Assurant has been pursuing strategic initiatives to expand its housing and lifestyle businesses. It envisions earnings growth and margin expansion at the Lifestyle segment through a combination of profitable growth and operating efficiencies worldwide

The company is realigning its business targeting higher growth at Global Housing segment. This is because the company is facing headwinds related to lender-places business.

Assurant expects growth at Connected Living and Global Automotive to continue to drive top line improvement at Global Lifestyle. The company is enhancing the Connected Living platform with innovative products and services and adding new partnerships with leading brands. These initiatives are projected to double the margins in Connected Living to 8% over the long term.

The company’s inorganic growth story remains impressive, adding capabilities to its compelling product portfolio.

Assurant has a disciplined capital management policy in place. It intends to utilize 50% of its free cash flow to repurchase shares.

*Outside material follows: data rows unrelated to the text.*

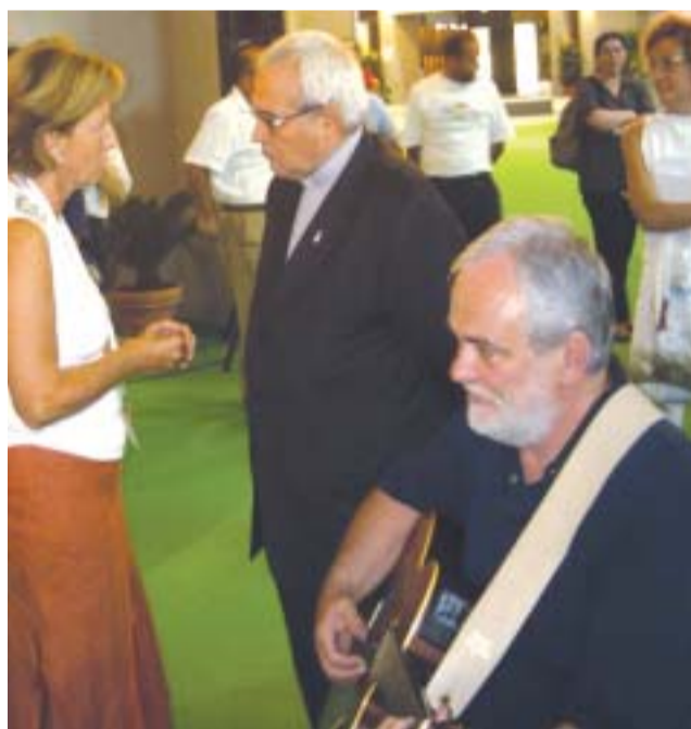
Meeting Rimini 2005 - In occasione della presentazione della mostra del trentennale AGeSC
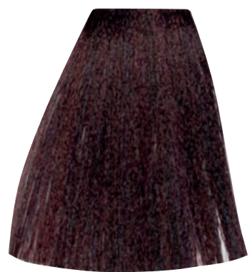
CASTANO CHIARO ROSSO INTENSO
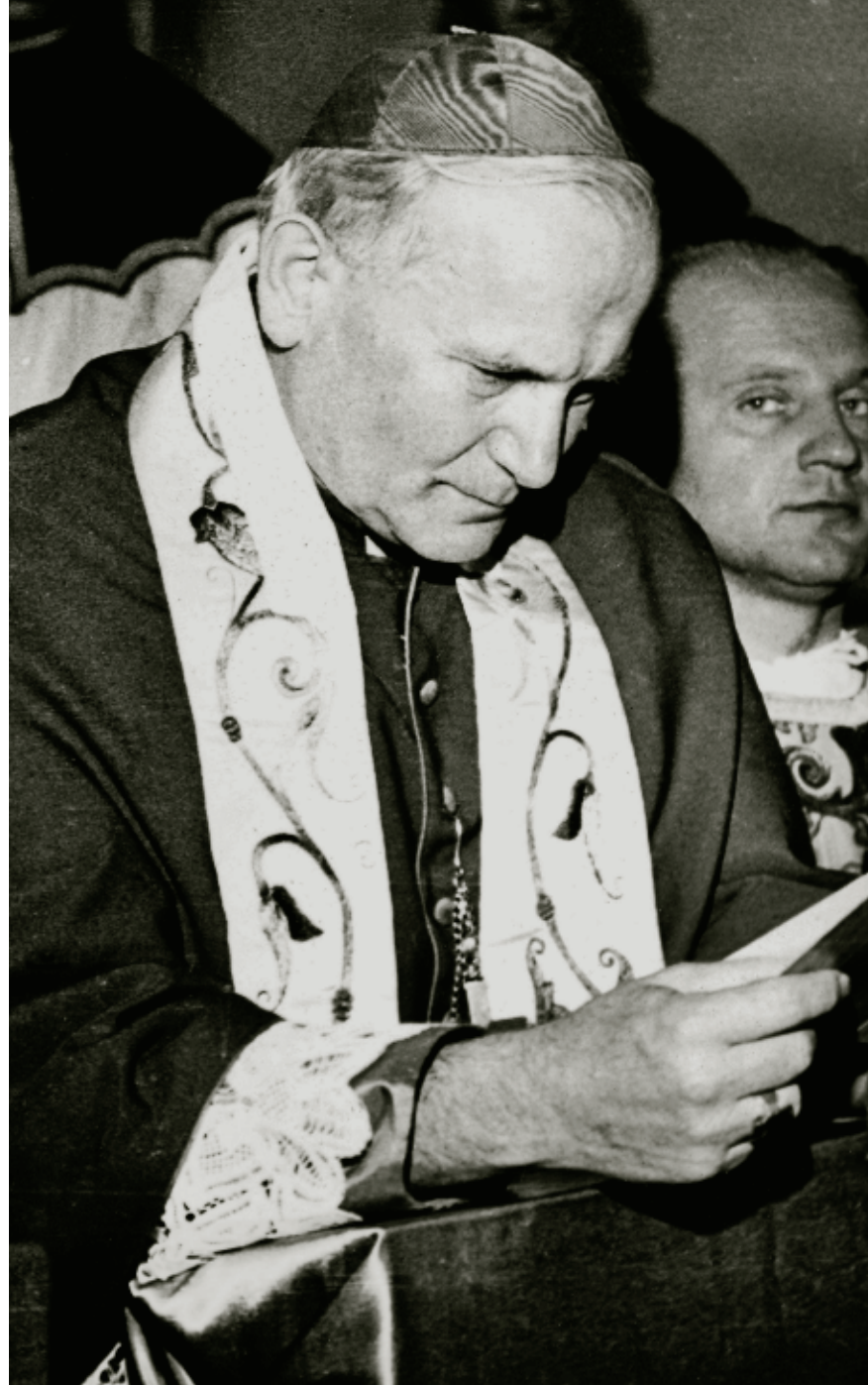
Kardynał Karol Wojtyła podczas wizyty w Wadowicach
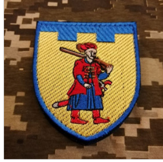
Іл.7.Нарукавний знак 110 ТрО (Запоріжська обл.)
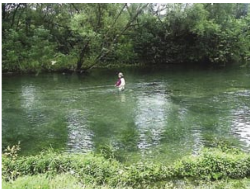
Slika 2. Revir Sanica Figure. 2 Sanica district

1. Sanica fishing district on Sanica River is 2.5 km downstream of the spring. Sanica District is one of the most famous in Bosnia and Herzegovina and beyond, and its basic feature is the presence of autochthonous species of salmonids (Sana grayling is unique for its wide back fin). In this fishing district only fly fishing is permitted, angling is prohibited, and one can keep only one caught (grayling with minimal length of 35 cm or brown trout with minimal length of 40 cm). The price of one-day permit is €20. Sanica fishing district is the destination of numerous anglers from Bosnia and Herzegovina, Croatia, Slovenia, Austria, Germany and other countries. In this district the river is up to 10 m wide and 0.2 to 1 m deep. The water temperature ranges from 8 °C to 14 °C, and the district is open from March 1 st to December 31 st . The

The company also has a solid track of increasing dividend each year.  Its dividend yield of 2.6% betters the industry yield of 2.3%.

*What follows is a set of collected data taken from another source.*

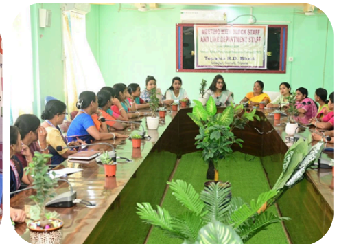
TEPANIA RD BLOCK
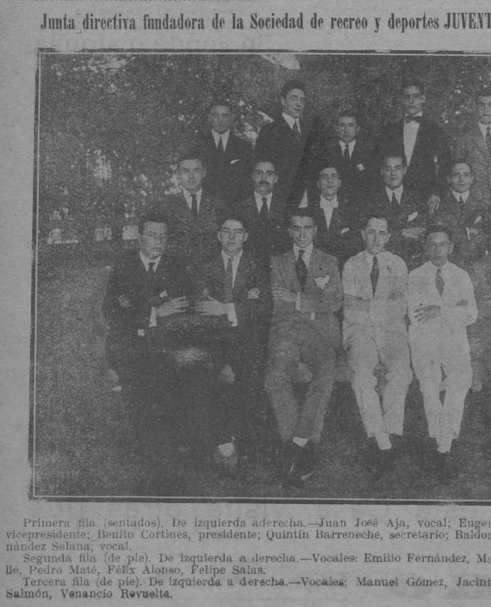
Junta directiva fundadora de la Sociedad de recreo y deportes JUVENTUD MONTAÑESA, de la Habana.

Hemos entrado en la época del sombrero de paja y del cronista veraniego, cosas ambas que allá se van en cuanto a necesidad pública. Dentro de pocos días, en cuanto la temperatura haga un llamamiento verdad al sudor colectivo, veremos aparecer en las columnas de los periódicos de Madrid y de otras poblaciones que no tienen mar «por abandono de su Ayuntamiento» ahora se lleva mucho eso de culpar a los Ayuntamientos de todo lo que pasa—elegantes y que frivolas crónicas veraniegas, hablando de todo menos de lo que puede interesar a la gente. Nosotros lo venimos observando. El director de un periódico de Madrid llama a
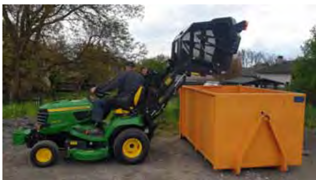
Nový žací traktor - technické možnosti stroje
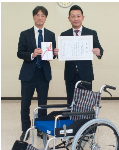
目録の贈呈と感謝状
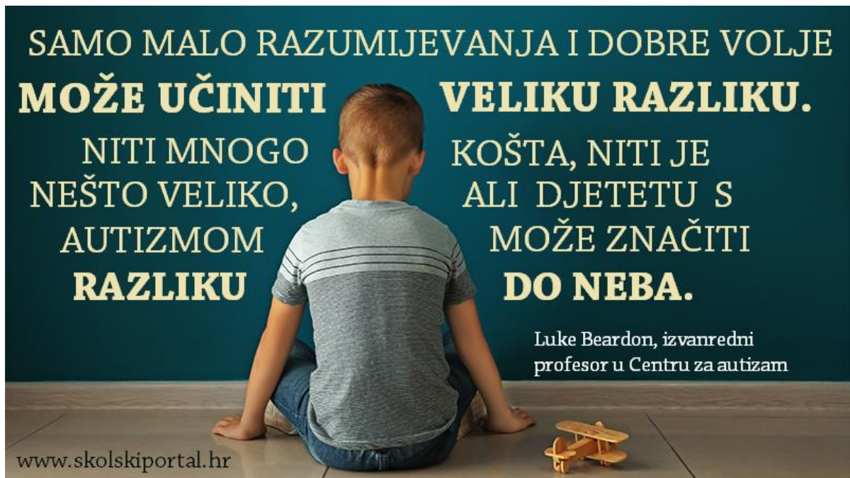
Slika 7. Tri zlazna pravila za potporu djeci s autizmom

„Odgojitelj je stručno osposobljena osoba koja provodi odgojno-obrazovni program rada s djecom predškolske dobi i stručno promišlja odgojno-obrazovni proces u svojoj odgojno-obrazovnoj skupini. On pravodobno planira, programira i vrednuje odgojno-obrazovni rad u dogovorenim razdobljima. Prikuplja, izrađuje i održava sredstva za rad s djecom te vodi brigu o estetskom i funkcionalnom uređenju prostora za izvođenje različitih aktivnosti. Radi na zadovoljenju svakidašnjih potreba djece i njihovih razvojnih zadataka te potiče razvoj svakoga djeteta prema njegovim sposobnostima. Vodi dokumentaciju o djeci i radu te zadovoljava stručne zahtjeve u organizaciji i unapređenju odgojno-obrazovnog procesa. Suraduje s roditeljima, stručnjacima i stručnim timom u dječjem vrtiću kao i s ostalim sudionicima u odgoju i naobrazbi djece predškolske dobi u lokalnoj zajednici. Odgovoran je za provedbu programa rada s djecom kao i za opremu i didaktička sredstva kojima se koristi u radu.“ (Članak 26. Državnog pedagoškog standarda Republike Hrvatske, 2008).

This premier provider of specialized insurance products in North America and other selected overseas markets sports an impressive VGM Score of A. Back-tested results show that stocks with a favorable Value Score of A or B coupled with a solid Zacks Rank #1 (Strong Buy) and 2 (Buy) offer the best investment opportunity.

Its valuation looks attractive at the current level as the price-to-book multiple of 1.1 is lower than the industry average of 1.3. The company has an impressive Value Score of A. Value Score helps to find undervalued stocks.

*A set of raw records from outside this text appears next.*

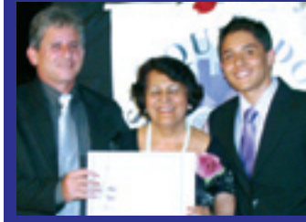
UNIÃO BATERIAS Venda de Baterias Rua Caetano Silva Neiva, 02 (38) 3671 2160
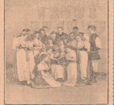
Ansamblul de dansuri al Casei de cultură din Opole.

Sub îndrumarea Partidului Muncitoresc Unit Polonez în Polonia democrație populară a crescut considerabil numărul școlilor de toată grațiozitatea, al teatrelor și cinematografeilor, căminelor culturale și bibliotecilor.
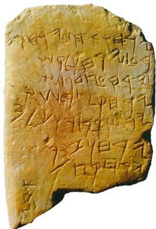
Рис. 1. URL: https://pravoslavnaya.academic.ru/6782

Самые древние надписи на иврите («календарь из Гезера»), найденные в Израиле, в виде известняковой таблички (11.1*7.2 см.) с нацарапанными буквами насчитывают почти 3000 лет (рис. 1).
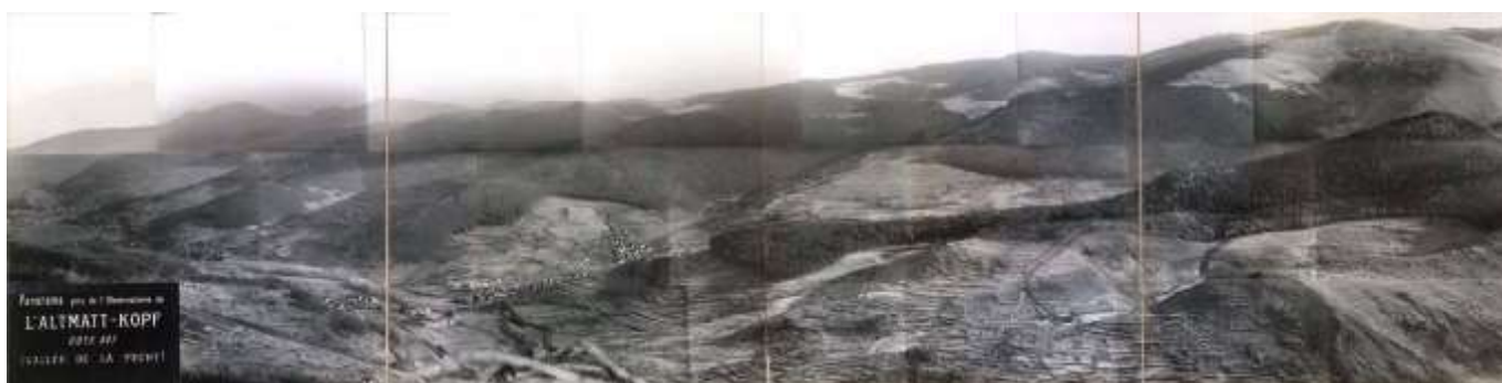
Canevas de tir pour l'artillerie – secteur de la Fecht
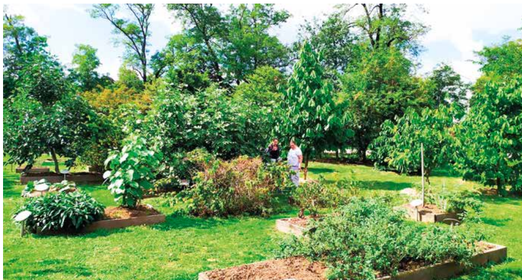
Komunitná záhrada.
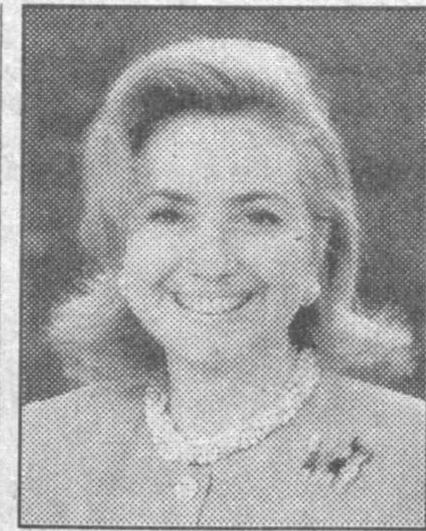
ларни ўрганиш ишига содиқ қолди.

Бугун Ўзбекистонга Хиллари Ролэм Клинтон -- Америка Қўшма Штатлари Президенти Уильям Жефферсон Клинтоннинг рафиқаси ташриф бюоради.
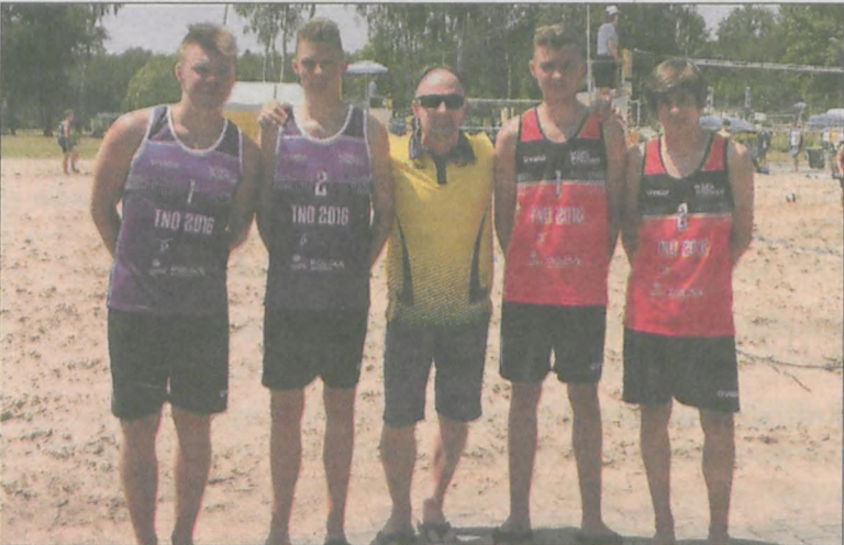
Pary z siatkarzami Piasta Krotoszyn z trenerem
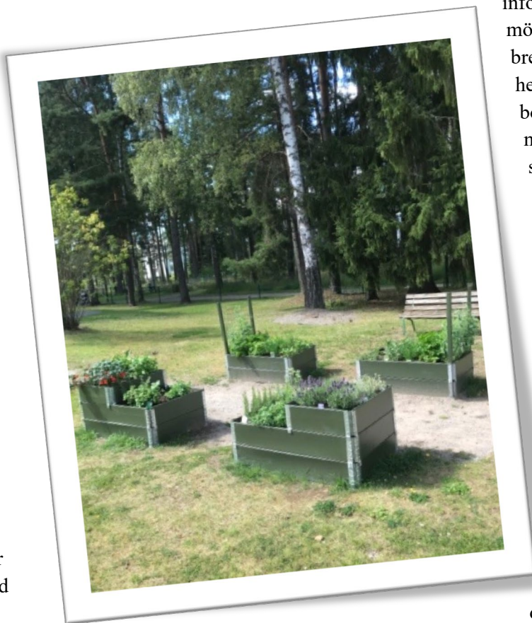
Kryddgrönt och ätbara blommor för alla vid Ringvägen 118. Här är det gott att vara!

information från bl.a. styrelsemötena. Du hittar även våra nyhetsbrev där. Som ett komplement till hemsidan använder vi även Facebook för korta nyhetsnotiser. Så nu finns alla möjligheter att hålla sig väl informerad. Du hittar hemsidan på www.brfringen.se .

Shares of this Zacks Rank #2 insurer have lost nearly 3% in a year compared with the industry’s decrease of 22.3% and the Zacks S&P 500 composite’s decline of 6.7%.

The Zacks Consensus Estimate for 2019 earnings is pegged at $8.48 per share, indicating 44.2% year-over-year increase on 18.6% revenue growth. The company has a solid track of outperforming earnings expectations in the last eight quarters, reflecting operational excellence.  

Other Stocks to Consider

Investors interested in multiline insurers can look at MGIC Investment Corporation (MTG - Free Report) , Cigna Corporation (CI - Free Report) and MetLife, Inc. (MET - Free Report) .

MGIC Investment provides private mortgage insurance and ancillary services to lenders and government sponsored entities in the United States. The company delivered a 33.33% positive surprise in the last reported quarter. The stock sports a Zacks Rank #1. You can see the complete list of today’s Zacks #1 Rank stocks here.

Cigna provides health services such as medical, dental, behavioral health, pharmacy, vision, supplemental benefits, among others. The company delivered a 11.30% positive surprise in the last reported quarter. The stock carries a Zacks Rank #2.

MetLife engages in insurance, annuities, employee benefits, and asset management businesses. It came up with 10.40% positive surprise in the last reported quarter. The stock carries a Zacks Rank #2.